Directions —
Please take the lines from the one holding "El documento explica" through the one holding "کارگاه های کارآموزی/" in the data below and copy them exactly.

Data to use —
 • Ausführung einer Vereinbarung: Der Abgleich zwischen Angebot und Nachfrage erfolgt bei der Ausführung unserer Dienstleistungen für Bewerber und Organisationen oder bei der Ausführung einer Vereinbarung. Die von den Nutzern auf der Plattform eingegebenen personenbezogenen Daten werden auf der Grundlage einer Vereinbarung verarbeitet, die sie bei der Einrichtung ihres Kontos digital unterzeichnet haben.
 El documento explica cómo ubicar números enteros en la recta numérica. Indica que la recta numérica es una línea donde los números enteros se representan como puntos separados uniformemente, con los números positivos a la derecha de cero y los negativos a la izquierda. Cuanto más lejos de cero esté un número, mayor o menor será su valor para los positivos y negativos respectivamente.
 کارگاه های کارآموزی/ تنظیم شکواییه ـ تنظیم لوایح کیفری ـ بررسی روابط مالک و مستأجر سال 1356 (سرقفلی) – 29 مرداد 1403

* * *

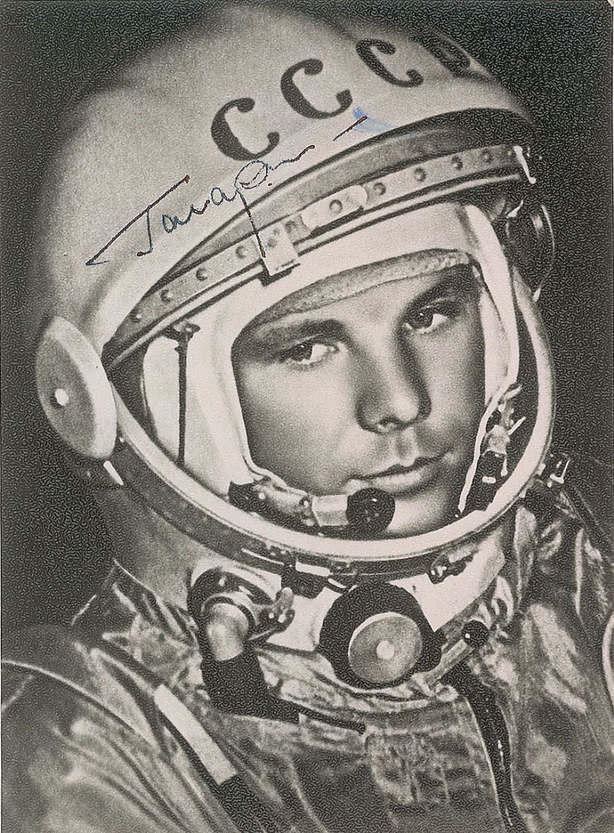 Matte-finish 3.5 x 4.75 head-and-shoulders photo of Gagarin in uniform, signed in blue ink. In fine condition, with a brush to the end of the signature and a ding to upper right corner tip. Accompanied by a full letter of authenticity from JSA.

Your response —
 El documento explica cómo ubicar números enteros en la recta numérica. Indica que la recta numérica es una línea donde los números enteros se representan como puntos separados uniformemente, con los números positivos a la derecha de cero y los negativos a la izquierda. Cuanto más lejos de cero esté un número, mayor o menor será su valor para los positivos y negativos respectivamente.
 کارگاه های کارآموزی/ تنظیم شکواییه ـ تنظیم لوایح کیفری ـ بررسی روابط مالک و مستأجر سال 1356 (سرقفلی) – 29 مرداد 1403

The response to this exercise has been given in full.